Several research has showed that sRNAs could bind to ribosomal protein mRNAs. Kim et al found that a specific tRNA-derived sRNA, LeuCAG3’tsRNA, could bind at two ribosomal protein mRNAs (RPS15 and RPS28) to enhance their translation (33). Ørom et al employed an affinity-based procedure to obtain the potential targets of miR-10a and found over half of 100 most enriched genes involved in protein biosynthesis and in particular ribosomal proteins (34).
They showed miR-10a could interact with the 5’ untranslated region (5’UTR) of ribosomal protein mRNAs to enhance their translation. Here by RNA-sequencing method, we demonstrate that 28s5-rtsRNA overexpression could significantly decrease multiple ribosomal protein mRNA levels. These results were further validated by realtime-qPCR analysis (Figure 6). However in our RNA-sequencing results, the fold changes of most significant ribosomal protein mRNAs are not less than 0.5 (28s5-rtsRNA overexpression / Negative Control), which is a regular cutoff value of fold change. This maybe because that the ribosomal protein mRNA levels are associated with mass of total RNA. The fold change will be narrowed during RNA-sequencing library construction (equal RNA amount loading) and sequencing data processing process.
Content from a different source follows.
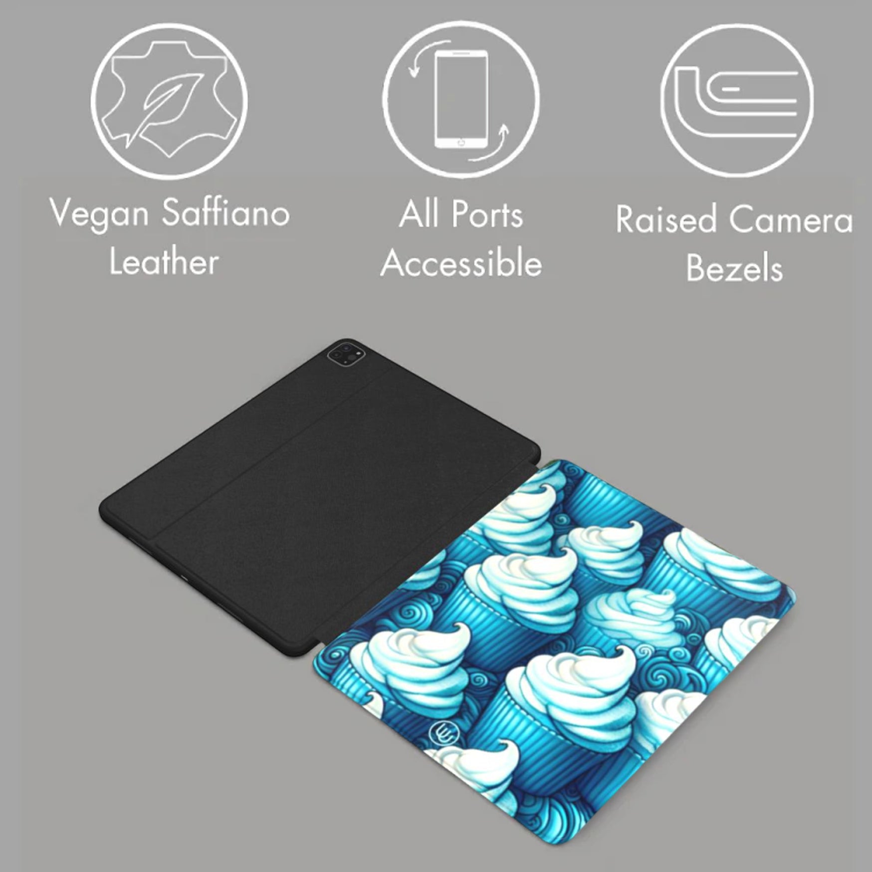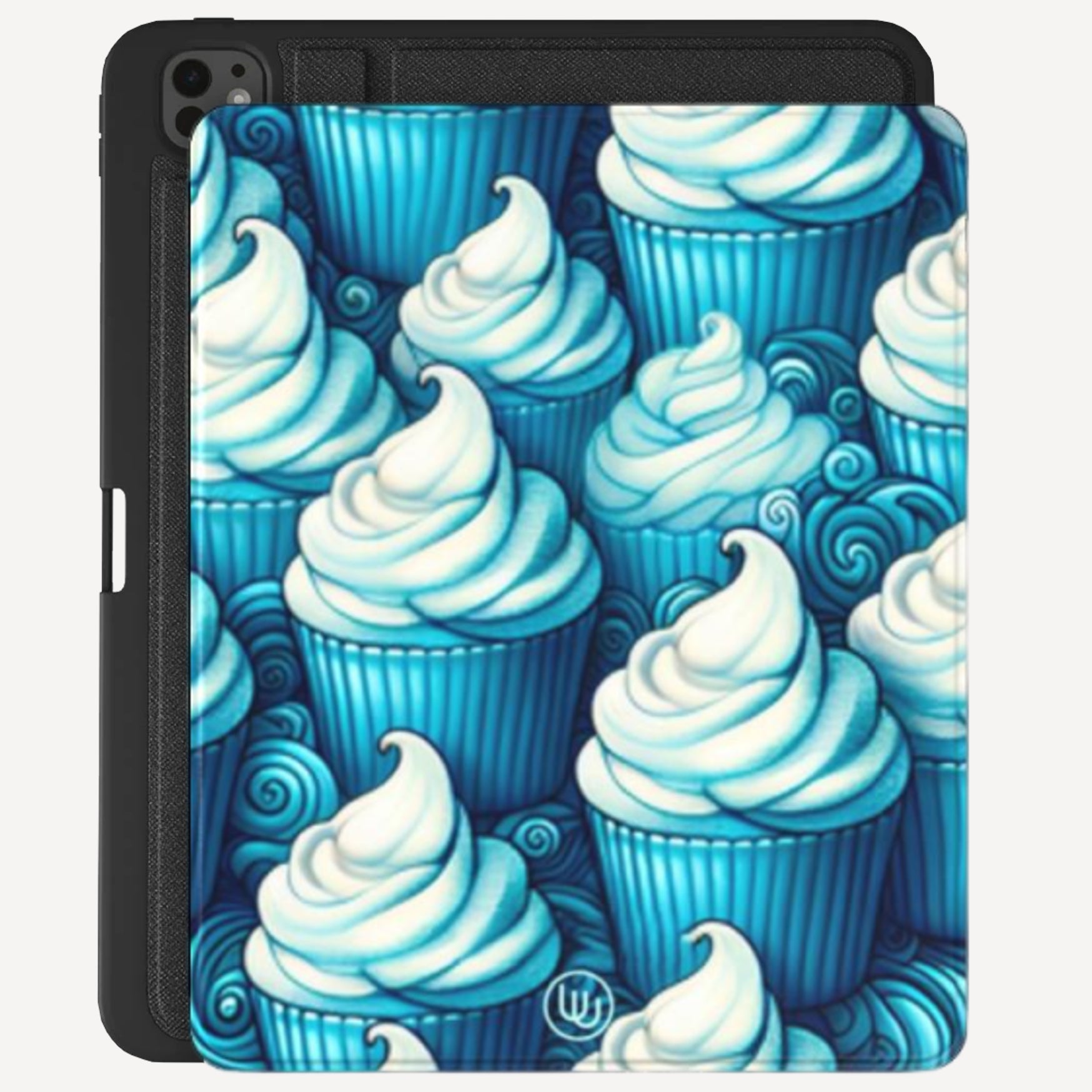 Add a playful touch to your iPad with our Sugarcube case! Featuring a fun pattern of blue cupcakes topped with fluffy white frosting, it's perfect for a sweet treat vibe. Protect your iPad with a touch of quirky style. (Sweet deal!)

In summary, we focus on a novel abundant rRNA-derived small RNA named 28s5-rtsRNA, which is independent of miRNA biogenesis pathway and not associated with Argonaut proteins. Overexpression of 28s5-rtsRNA could decrease multiple ribosomal protein mRNA levels. Our research emphasize 28s5-rtsRNA may act as a negative regulator of ribosomal protein mRNA, thereby mediating the coordinate expression of ribosomal proteins.
Competing Interests
The author has declared that no competing interest exists.
Acknowledgements
This work was supported by the National Natural Science Foundation of China [31870860, 31400673 to S.L.]; the Tianjin Research Program of Application Foundation and Advanced Technology [14JCQNJC09800 to S.L.].